RECORD EXTRACTS:
————

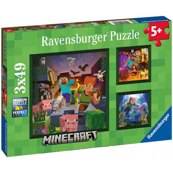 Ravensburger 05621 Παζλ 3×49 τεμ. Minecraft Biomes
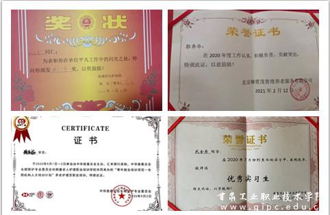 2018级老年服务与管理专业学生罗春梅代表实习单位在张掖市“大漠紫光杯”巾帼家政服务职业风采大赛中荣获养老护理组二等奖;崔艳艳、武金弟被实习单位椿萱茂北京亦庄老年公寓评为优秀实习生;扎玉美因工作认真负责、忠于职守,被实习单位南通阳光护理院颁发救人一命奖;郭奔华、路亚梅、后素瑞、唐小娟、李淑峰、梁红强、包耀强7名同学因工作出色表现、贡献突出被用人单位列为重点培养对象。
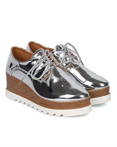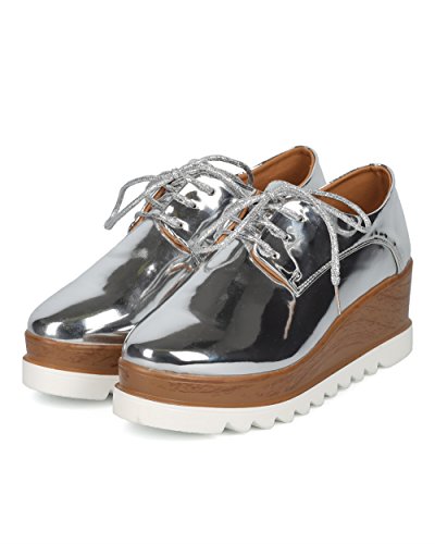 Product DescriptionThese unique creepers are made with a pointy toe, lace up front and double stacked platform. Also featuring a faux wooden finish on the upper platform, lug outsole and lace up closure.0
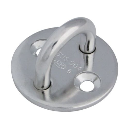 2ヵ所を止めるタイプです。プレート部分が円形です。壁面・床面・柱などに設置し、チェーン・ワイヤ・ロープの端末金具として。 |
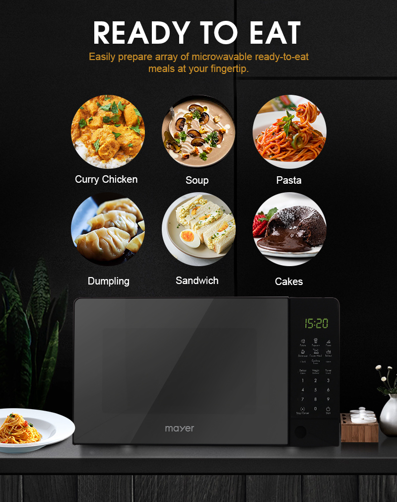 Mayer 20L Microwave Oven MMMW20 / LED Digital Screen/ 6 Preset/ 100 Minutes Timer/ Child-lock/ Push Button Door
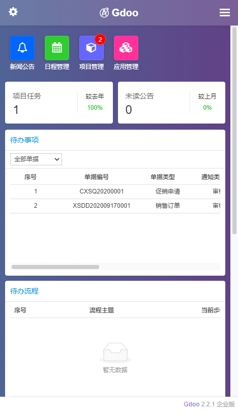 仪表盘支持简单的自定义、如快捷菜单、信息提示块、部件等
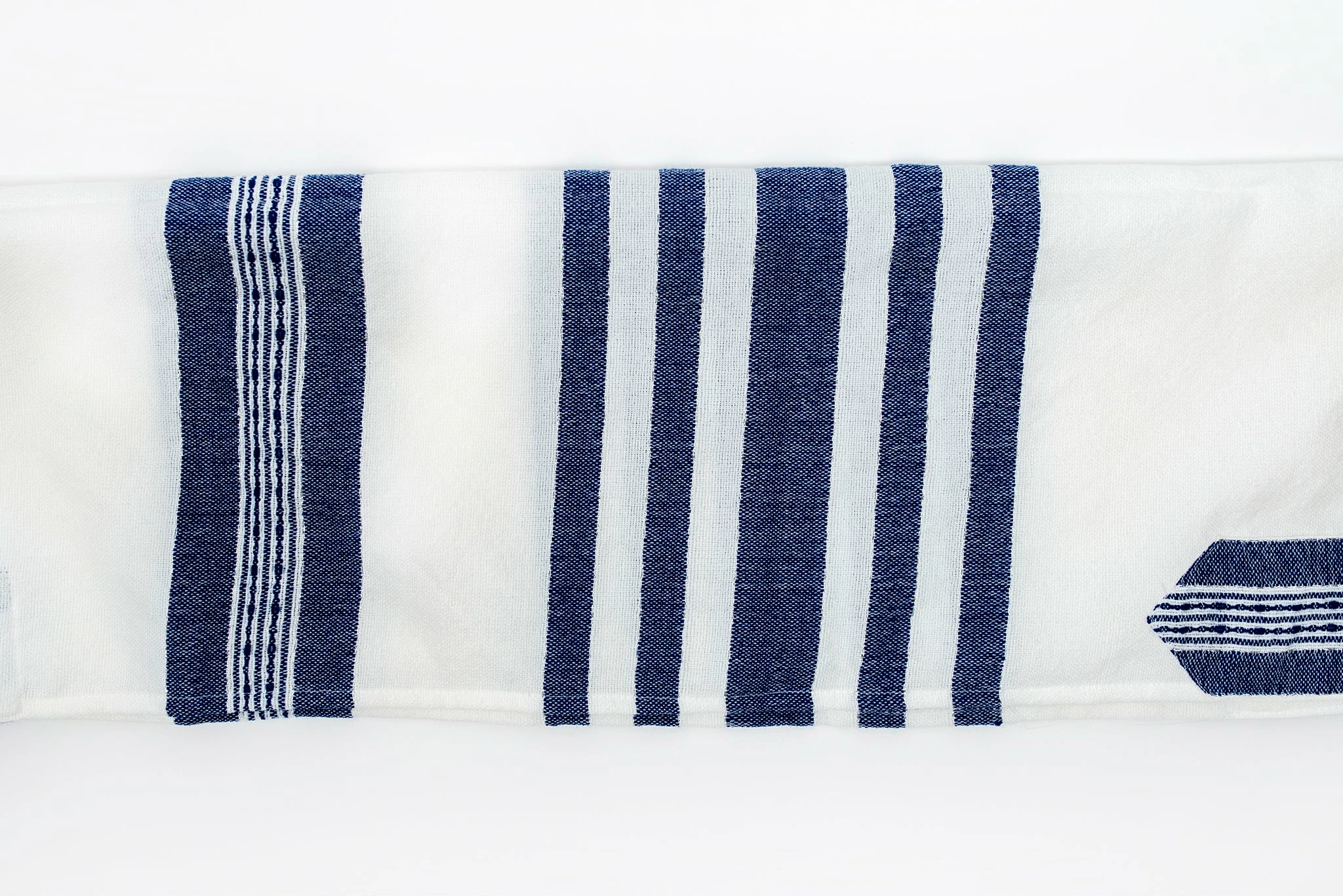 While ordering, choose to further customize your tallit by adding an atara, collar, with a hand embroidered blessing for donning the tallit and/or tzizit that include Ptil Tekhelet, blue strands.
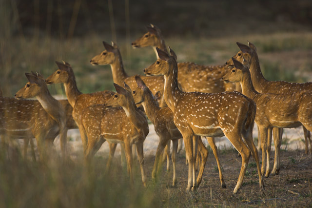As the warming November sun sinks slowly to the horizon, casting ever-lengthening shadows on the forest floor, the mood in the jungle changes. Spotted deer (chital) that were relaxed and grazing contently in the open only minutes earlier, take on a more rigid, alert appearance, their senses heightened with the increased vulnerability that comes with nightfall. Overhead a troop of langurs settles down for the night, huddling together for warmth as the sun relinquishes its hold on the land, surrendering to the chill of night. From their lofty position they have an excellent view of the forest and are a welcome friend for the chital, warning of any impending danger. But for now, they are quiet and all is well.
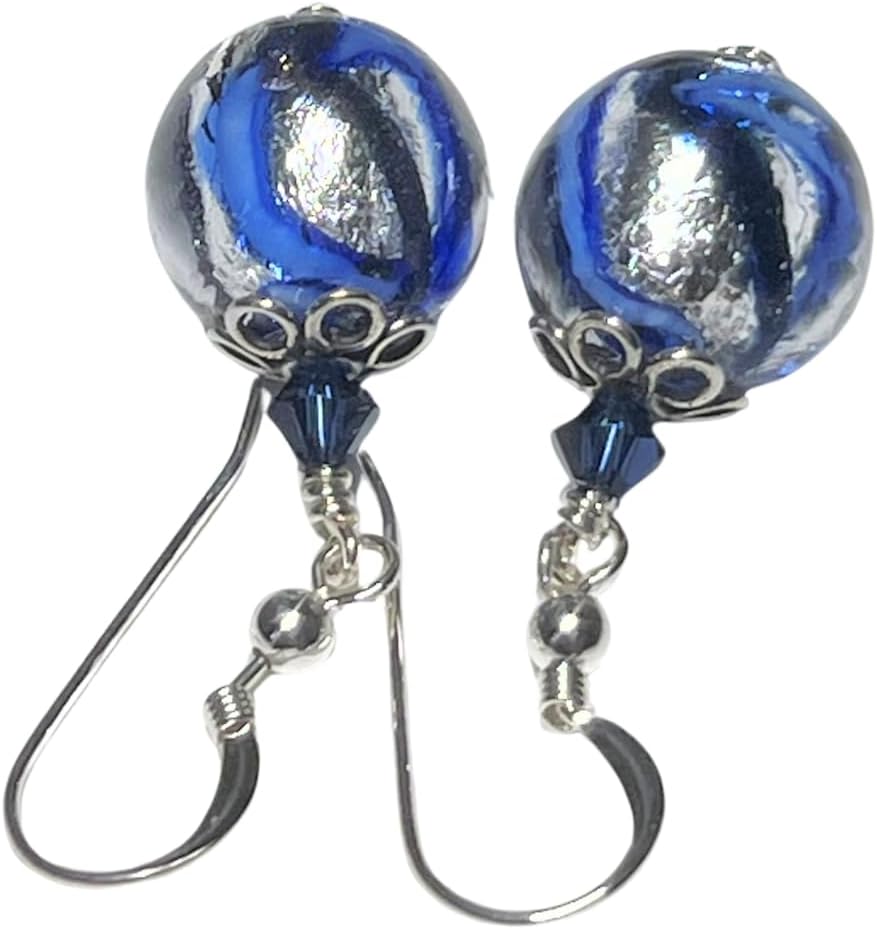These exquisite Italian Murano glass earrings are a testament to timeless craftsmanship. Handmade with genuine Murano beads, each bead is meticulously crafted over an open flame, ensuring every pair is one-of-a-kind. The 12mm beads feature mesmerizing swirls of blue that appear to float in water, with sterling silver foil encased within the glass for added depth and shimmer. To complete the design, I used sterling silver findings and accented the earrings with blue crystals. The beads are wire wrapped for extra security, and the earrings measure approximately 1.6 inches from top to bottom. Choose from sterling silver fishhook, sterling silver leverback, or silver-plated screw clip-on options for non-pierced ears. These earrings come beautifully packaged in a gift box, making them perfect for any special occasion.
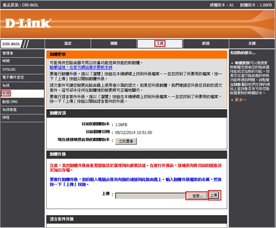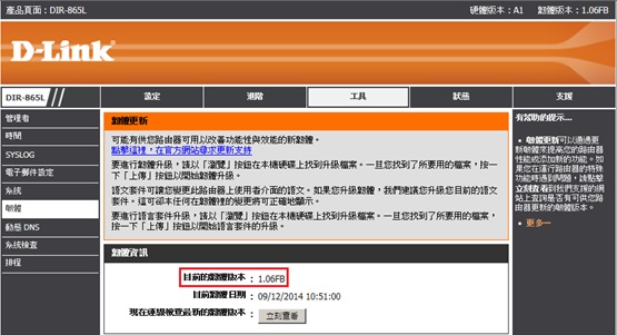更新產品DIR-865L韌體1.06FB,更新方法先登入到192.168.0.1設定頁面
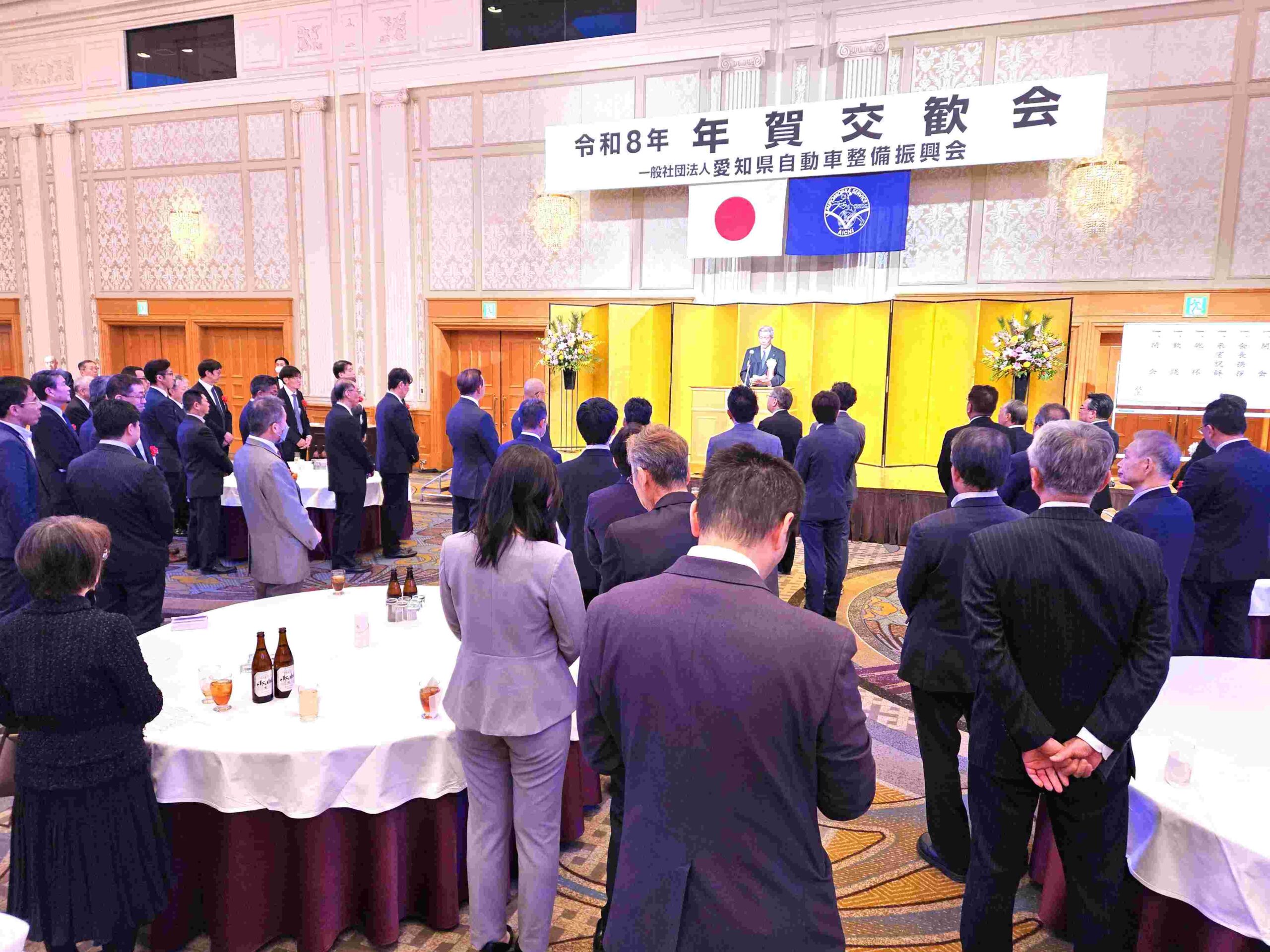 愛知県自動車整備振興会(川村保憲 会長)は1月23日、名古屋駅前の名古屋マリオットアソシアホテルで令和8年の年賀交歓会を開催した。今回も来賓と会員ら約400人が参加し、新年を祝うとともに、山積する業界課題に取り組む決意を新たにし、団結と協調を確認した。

————

TASK TO COMPLETE:
Reproduce these records exactly, but not the pictures.

RESPONSE:
 Ravensburger 05621 Παζλ 3×49 τεμ. Minecraft Biomes
 2018级老年服务与管理专业学生罗春梅代表实习单位在张掖市“大漠紫光杯”巾帼家政服务职业风采大赛中荣获养老护理组二等奖;崔艳艳、武金弟被实习单位椿萱茂北京亦庄老年公寓评为优秀实习生;扎玉美因工作认真负责、忠于职守,被实习单位南通阳光护理院颁发救人一命奖;郭奔华、路亚梅、后素瑞、唐小娟、李淑峰、梁红强、包耀强7名同学因工作出色表现、贡献突出被用人单位列为重点培养对象。
 Product DescriptionThese unique creepers are made with a pointy toe, lace up front and double stacked platform. Also featuring a faux wooden finish on the upper platform, lug outsole and lace up closure.0
 2ヵ所を止めるタイプです。プレート部分が円形です。壁面・床面・柱などに設置し、チェーン・ワイヤ・ロープの端末金具として。 |
 Mayer 20L Microwave Oven MMMW20 / LED Digital Screen/ 6 Preset/ 100 Minutes Timer/ Child-lock/ Push Button Door
 仪表盘支持简单的自定义、如快捷菜单、信息提示块、部件等
 While ordering, choose to further customize your tallit by adding an atara, collar, with a hand embroidered blessing for donning the tallit and/or tzizit that include Ptil Tekhelet, blue strands.
As the warming November sun sinks slowly to the horizon, casting ever-lengthening shadows on the forest floor, the mood in the jungle changes. Spotted deer (chital) that were relaxed and grazing contently in the open only minutes earlier, take on a more rigid, alert appearance, their senses heightened with the increased vulnerability that comes with nightfall. Overhead a troop of langurs settles down for the night, huddling together for warmth as the sun relinquishes its hold on the land, surrendering to the chill of night. From their lofty position they have an excellent view of the forest and are a welcome friend for the chital, warning of any impending danger. But for now, they are quiet and all is well.
These exquisite Italian Murano glass earrings are a testament to timeless craftsmanship. Handmade with genuine Murano beads, each bead is meticulously crafted over an open flame, ensuring every pair is one-of-a-kind. The 12mm beads feature mesmerizing swirls of blue that appear to float in water, with sterling silver foil encased within the glass for added depth and shimmer. To complete the design, I used sterling silver findings and accented the earrings with blue crystals. The beads are wire wrapped for extra security, and the earrings measure approximately 1.6 inches from top to bottom. Choose from sterling silver fishhook, sterling silver leverback, or silver-plated screw clip-on options for non-pierced ears. These earrings come beautifully packaged in a gift box, making them perfect for any special occasion.
更新產品DIR-865L韌體1.06FB,更新方法先登入到192.168.0.1設定頁面
 愛知県自動車整備振興会(川村保憲 会長)は1月23日、名古屋駅前の名古屋マリオットアソシアホテルで令和8年の年賀交歓会を開催した。今回も来賓と会員ら約400人が参加し、新年を祝うとともに、山積する業界課題に取り組む決意を新たにし、団結と協調を確認した。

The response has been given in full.